++++ Information provided
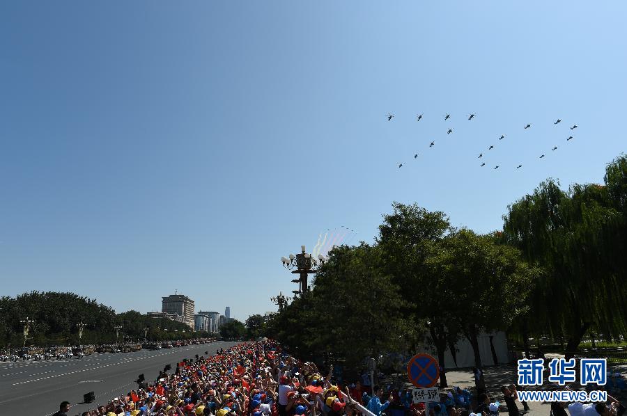 9月3日,中国人民抗日战争暨世界反法西斯战争胜利70周年纪念大会在北京隆重举行。这是20架直升机在空中组成“70”字样。 新华社记者王建威 摄
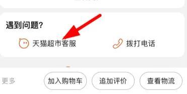 3、随便找个猫超订单点进去找到下面的天猫超市客服点进去;
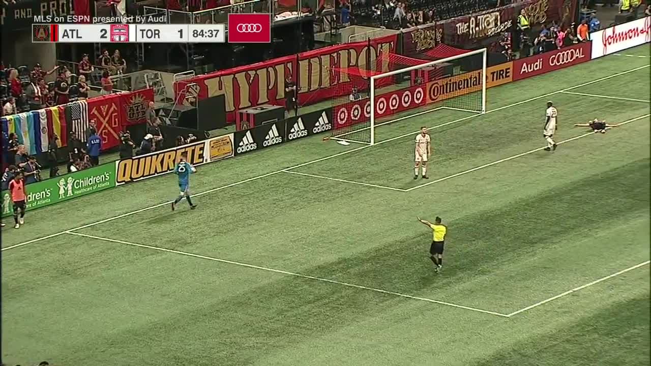 El paraguayo Miguel Almirón estuvo cerca de marcar el tercer gol de Atlanta, pero una gran atajada del portero impidió el gol.
++++++++
-- Directions for this task --
Reproduce the material above exactly, but only from the line with "3、随便找个猫超订单点进去找到下面的天猫超市客服点进去;" through its last line, leaving pictures out.

-- Task solution --
 3、随便找个猫超订单点进去找到下面的天猫超市客服点进去;
 El paraguayo Miguel Almirón estuvo cerca de marcar el tercer gol de Atlanta, pero una gran atajada del portero impidió el gol.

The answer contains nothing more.